Tuesday, July 7, 2009
A Day Under the Blue Whale
Beneath a cerulean ceiling in the Hall of Ocean Life hangs a replica of a blue whale the size of 24 African elephants.
Born just blocks from the American Museum of Natural History, I dreamt of a career digging bones or probing galaxies. As a summer intern, I roamed the empty halls after-hours. Without people, I realized, the museum is incomplete. One Saturday in November, I sit under the blue whale and observe.
11 a.m. The museum is mobbed with kids, slicked up for the day, hair clipped and carroty. In front of a video screen is a father in trail shoes, cradling a child. The purse of a pregnant woman is wide-open, inside is a crescent moon. A woman with cucumbers sits on the floor and unfolds a map. A girl runs by with pigtails going “ooochooowww” and a youth in flannel walks aimlessly, examining his world.

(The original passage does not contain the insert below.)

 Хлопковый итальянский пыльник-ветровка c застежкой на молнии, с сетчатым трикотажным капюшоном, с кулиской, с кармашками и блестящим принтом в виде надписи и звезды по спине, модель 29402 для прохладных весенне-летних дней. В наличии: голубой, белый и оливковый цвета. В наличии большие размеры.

“Imagine a fish that long,” says a father in a gold necklace to a daughter in baby blue. “And what they eat are tiny, tiny.” They leaf through a lunch cooler. Another daughter joins, wearing a pink beret. She takes an apple from the cooler and crunches.

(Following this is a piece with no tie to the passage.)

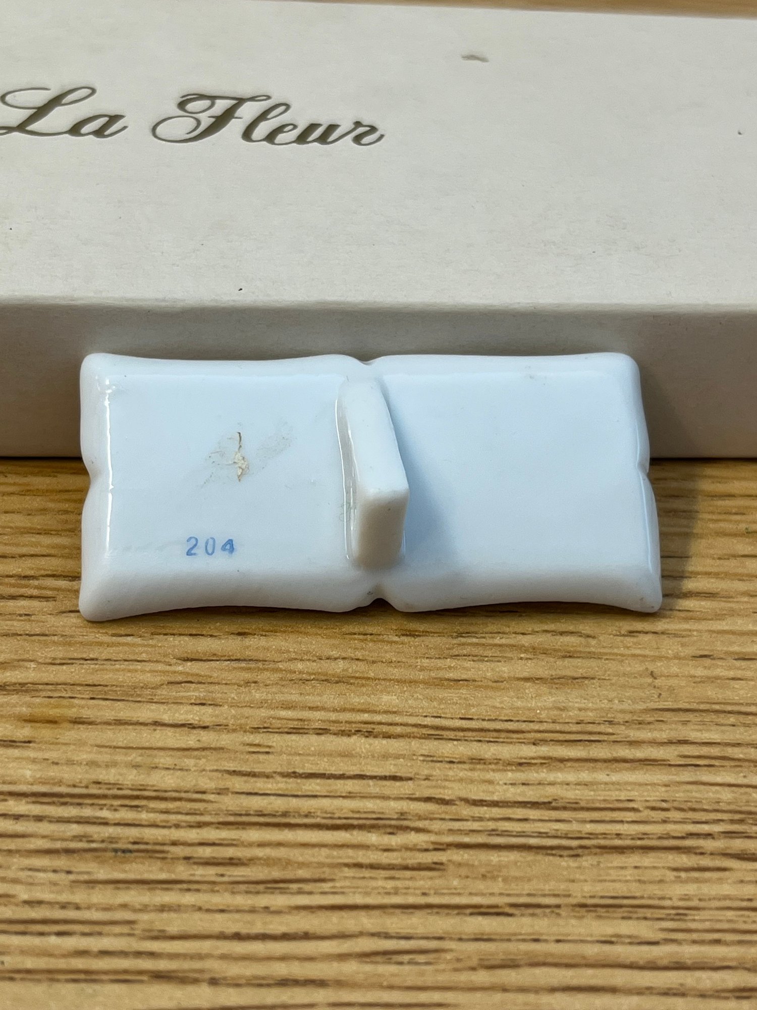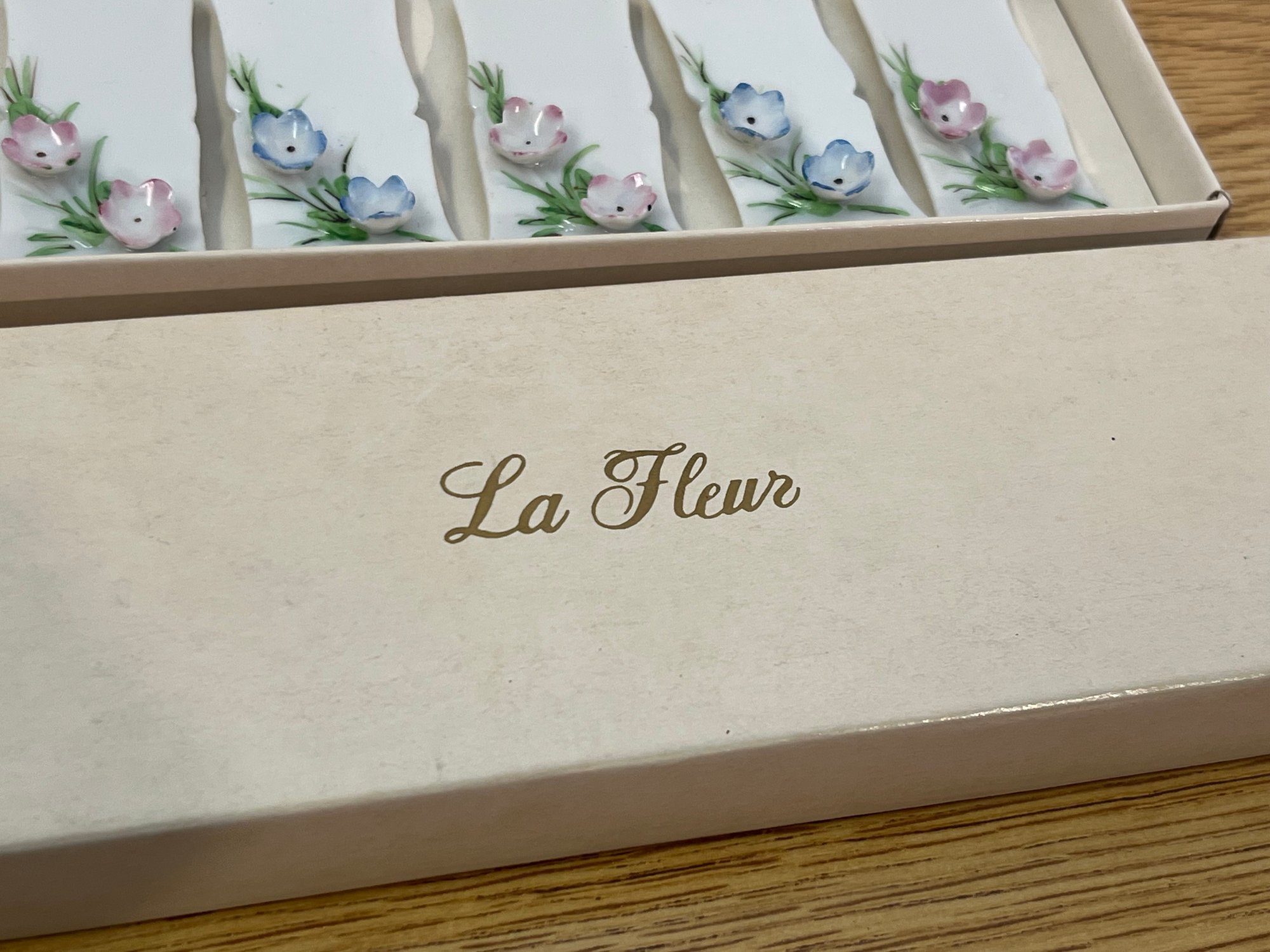 Elevate your table with the quiet elegance of a bygone era. This charming set of vintage porcelain name place cards, bearing the evocative La Fleur designation, speaks to a time when formal dining was an art form — when every detail, from the centerpiece to the place setting, was chosen with deliberate grace.

“Krill dad, sardines,” says the blue daughter, “millions and millions of them.”
With an underbelly grooved and speckled, more sleek than bulky, the blue whale is like a Buddha on its side. The ceiling is arched like a great train stations’ and cobalt shapes drift across, creating the illusion you are beneath waves. From monitors, sea birds squawk, whales bellow and bubbles grumble to the surface. A large screen on the lower floor plays an endlessly looping video: turtles swim through a sunlit column of water, wave’s pound a beach, jelly fish swarm beneath a glacier. The light in the room is grainy, like the light before dozing.
At the edge of the hall, scenes of the sea: dolphins glide against a pink sky stenciled with long-winged birds, elephant seals cavort in icy waters, seals nose-kiss on blanched rocks, corals reach jaggedly for the sun. On the wall is a monstrous crab with legs the size of human limbs.
“Ladies and gentlemen,” shouts a security guard from the floor above, “if you left strollers on the balcony you need to get your stroller.”